Chinese Made 93-Petaflop Supercomputer ‘Sunway TaihuLight’ is World’s Fastest on Latest TOP500 list

Chinese Made 93-Petaflop Supercomputer ‘Sunway TaihuLight’ is World’s Fastest on Latest TOP500 list

Super-computing or High Performance Computing plays ever more important roles in industrial fields as well as in basic research.

Based upon the history of supercomputers in the last few decades, there was tremendous growth in the capacity of super computers.

Advance simulation technology gives us the problem solving technique for complex and nonlinear systems with huge degrees of freedom, which appear in natural science, engineering, socio-economic problems and so on. 

Large-scale high-speed simulation technology and high performance computing as its basis is the key to the scientific and technological development in the 21st century. 

Performing 93 quadrillion calculations per second, a new Chinese supercomputer called ‘Sunway TaihuLight’ at the newest edition of the TOP500 list was announced Monday, June 20, at ISC 2016 in Frankfurt. It dethroned China's Tianhe-2 from the top in a list of the 500 most powerful supercomputers in the world.

Image credit: Jack Dongarra, Report on the Sunway TaihuLight System, June 2016

Supercomputers, long a field dominated by the United States, are used for weather forecasting, designing nuclear weapons and other specialized purposes.

It marks the first time China has taken the top speed ranking without using U.S. semiconductor technology. The prior No. 1 system used chips from Intel Corp., which was prevented from sending chips to upgrade the system by a U.S. export ban last year.

Image credit: cri.cn

Sunway TaihuLight, with 10,649,600 computing cores comprising 40,960 nodes, is twice as fast and three times as efficient as Tianhe-2, which has a performance of 33.86 quadrillion calculations per second, or petaflop/s.

Source: Insidehpc

The new system was developed by the Chinese National Research Center of Parallel Computer Engineering & Technology and installed at the National Supercomputing Center in Wuxi of Jiangsu, an eastern coastal province of China.

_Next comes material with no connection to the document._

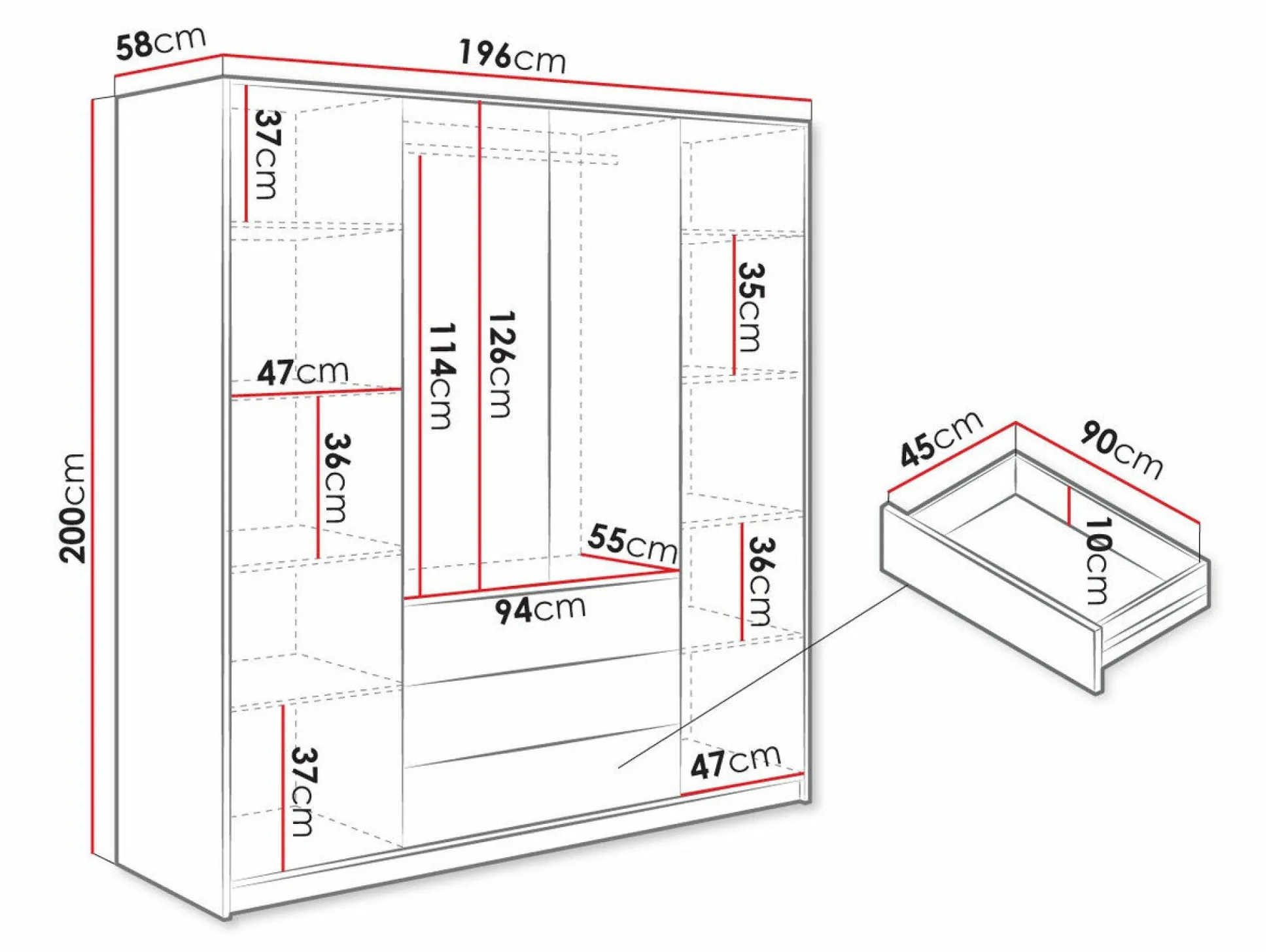 Dybde 58 cm
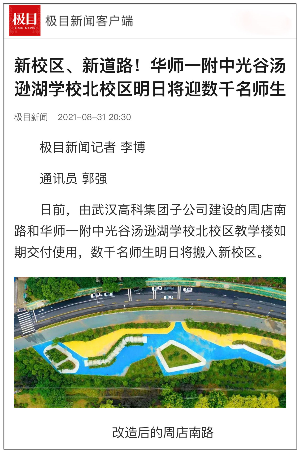 日前,由武漢高科集團(tuán)子公司建設(shè)的周店南路和華師一附中光谷湯遜湖學(xué)校北校區(qū)教學(xué)樓如期交付使用,數(shù)千名師生明日將搬入新校區(qū)。

"It's a trend with China," Jack Dongarra, professor of the University of Tennessee and editor of the list, told Xinhua in an email. "They had zero systems in 2001 and today they surpass the United States. No other nation has seen such rapid growth," as reported by Shanghai Daily.

According to TOP500 author Jack Dongarra, three scientific simulation codes run on TaihuLight have been chosen as Gordon Bell Prize finalists, two of which have managed to reach a sustained performance of 30 to 40 petaflops, reports TOP500.